Because it had a distillation crisis!

But hey, let's calculate the recondensation volume. First, we need to calculate the number of moles of the vapor using the ideal gas law.

PV = nRT

Where P is the pressure in atm (760 mm Hg = 1 atm), V is the volume in liters (112 mL = 0.112 L), n is the number of moles, R is the ideal gas constant (0.0821 atm L/mol K), and T is the temperature in Kelvin (100°C = 373 K).

Let's rearrange the equation to solve for n:

n = PV / RT

n = (1 atm)(0.112 L) / (0.0821 atm L/mol K)(373 K)

Now, let's calculate the number of moles:

n ≈ 0.0031 mol

Now, we can calculate the mass of the vapor using the molecular weight (MW) and the number of moles:

mass = n x MW

mass = 0.0031 mol x 200 g/mol

mass ≈ 0.62 g

Finally, we can calculate the volume of the liquid by dividing the mass by the density:

volume = mass / density

volume ≈ 0.62 g / 0.9 g/mL

volume ≈ 0.69 mL

So, approximately 0.69 mL of liquid would recondense into the distillation flask upon cooling. So much for the distillation flask trying to keep a low profile!

To calculate the number of milliliters of liquid that would recondense into the distillation flask upon cooling, we can use the ideal gas law equation: PV = nRT, where P is the pressure, V is the volume, n is the number of moles, R is the ideal gas constant, and T is the temperature in Kelvin.

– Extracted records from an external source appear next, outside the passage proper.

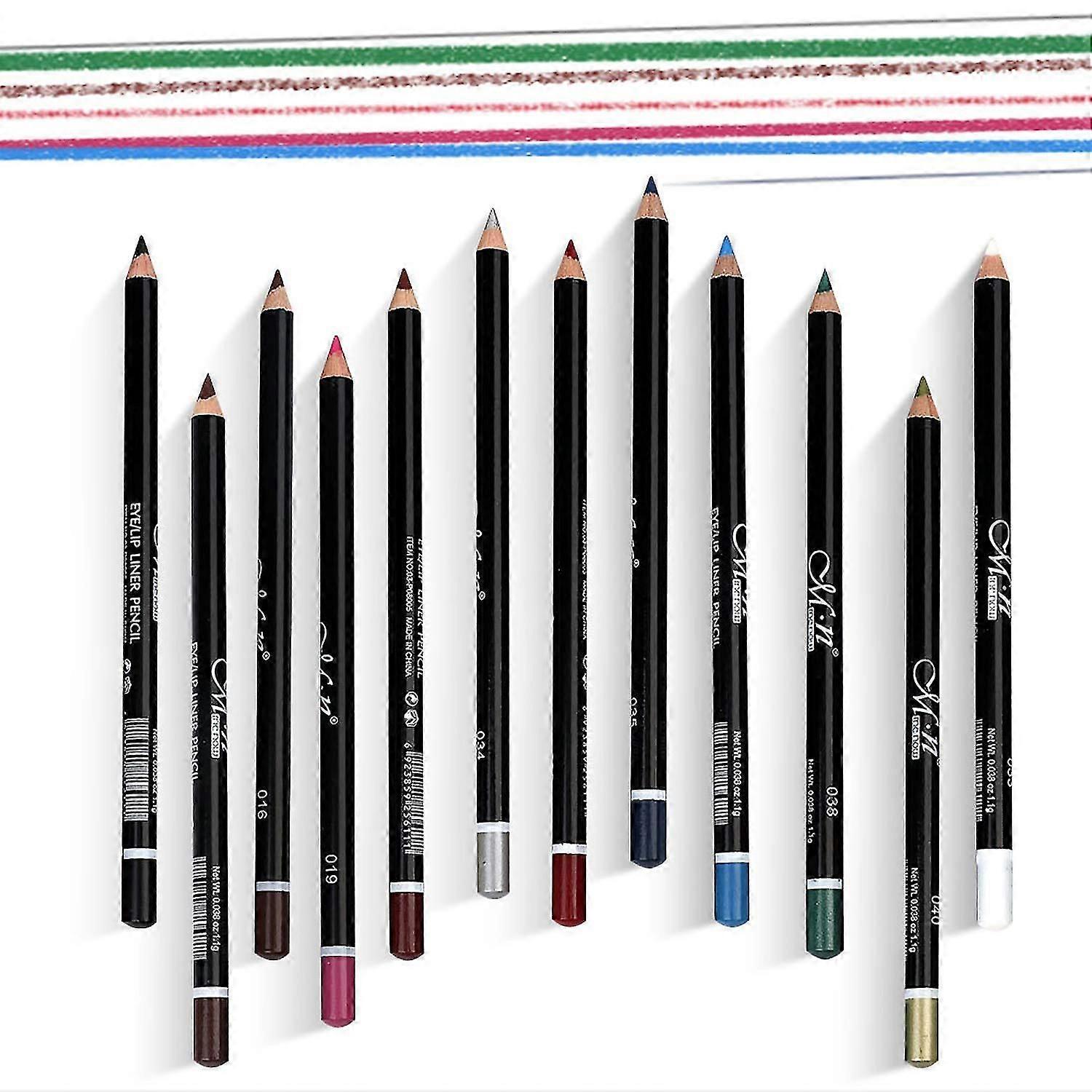 12 Assorted Colors Gel Eyeliner Pencil Set Matt Smooth Waterproof Natural Long Lasting Eyebrow Lip Liner Pencil Cosmetics Makeup Set Kit Tool, Mix Col
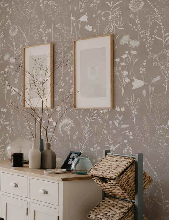 Wildflower meadows feel airy and welcoming. They work especially well in narrow hallways where heavy prints can feel close. Look for scattered stems, soft spacing, and natural tones.
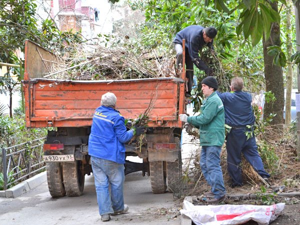 Пенсионеры-волонтеры убрали территории микрорайона "Гагаринский", пострадавшие при переносе теплотрассы. Сочи, 4 февраля 2014 г. Фоторепортаж корреспондента "Кавказского узла" Светланы Кравченко
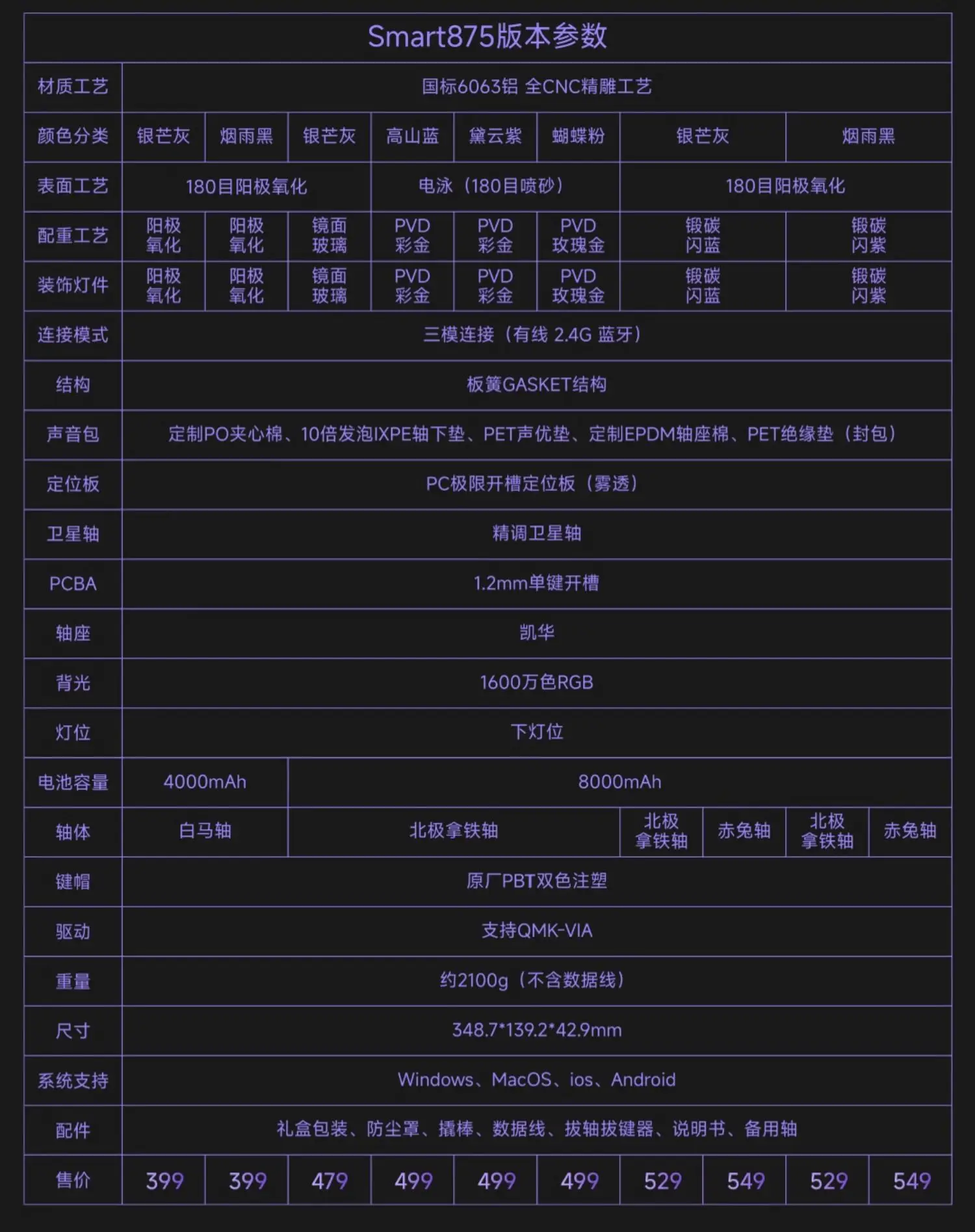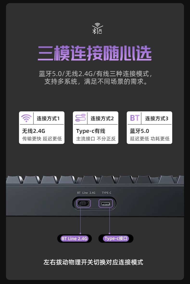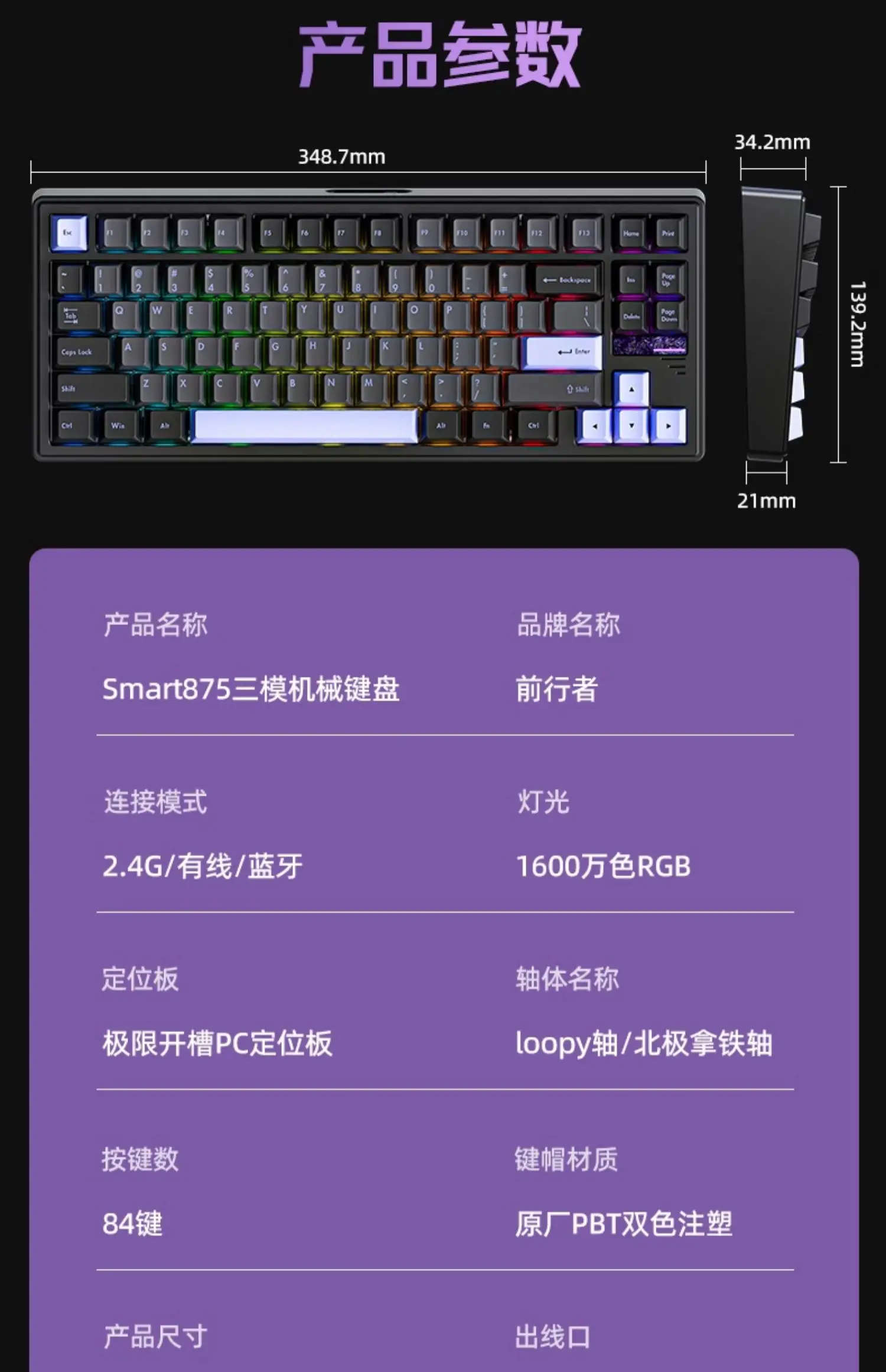 EWEADN Smart875 Three Mode Wireless Mechanical Keyboard RGB Bluetooth Keyboard Gasket PC Gamer E-sports Aluminium Metal Office

First, let's convert the temperature of 100°C to Kelvin:
T = 100°C + 273.15 = 373.15 K

Next, we need to calculate the moles of vapor in the system. We can use the ideal gas law equation to solve for n:
n = PV / RT

Since the system is at atmospheric pressure (760 mm Hg), we need to convert it to atmospheres:
P = 760 mm Hg / 760 = 1 atm

The total volume of the system, including the round bottom flask and the distilling head, is 112 mL.
So, the volume of vapor will be:
V = 112 mL - 12 mL = 100 mL

Now, let's calculate the number of moles:
n = (1 atm * 100 mL) / (0.0821 atm * L/mol * K * 373.15 K)

Using the value for R, the ideal gas constant:
n = (100 / 0.0821) mol

Finally, we can calculate the mass of the vapor using the molar mass (MW = 200 g/mol):
mass = n * MW = (100 / 0.0821) * 200 g

And the volume of liquid that would recondense can be determined by dividing the mass by the density (0.9 g/mL):
volume = mass / density = (100 / 0.0821) * 200 / 0.9 mL

Simplifying the expression:
volume = (100 * 200 * 200) / (0.0821 * 0.9) mL

Calculating the result:
volume ≈ 546,924 mL

Therefore, approximately 546,924 milliliters of liquid (0.9 g/mL) would recondense into the distillation flask upon cooling.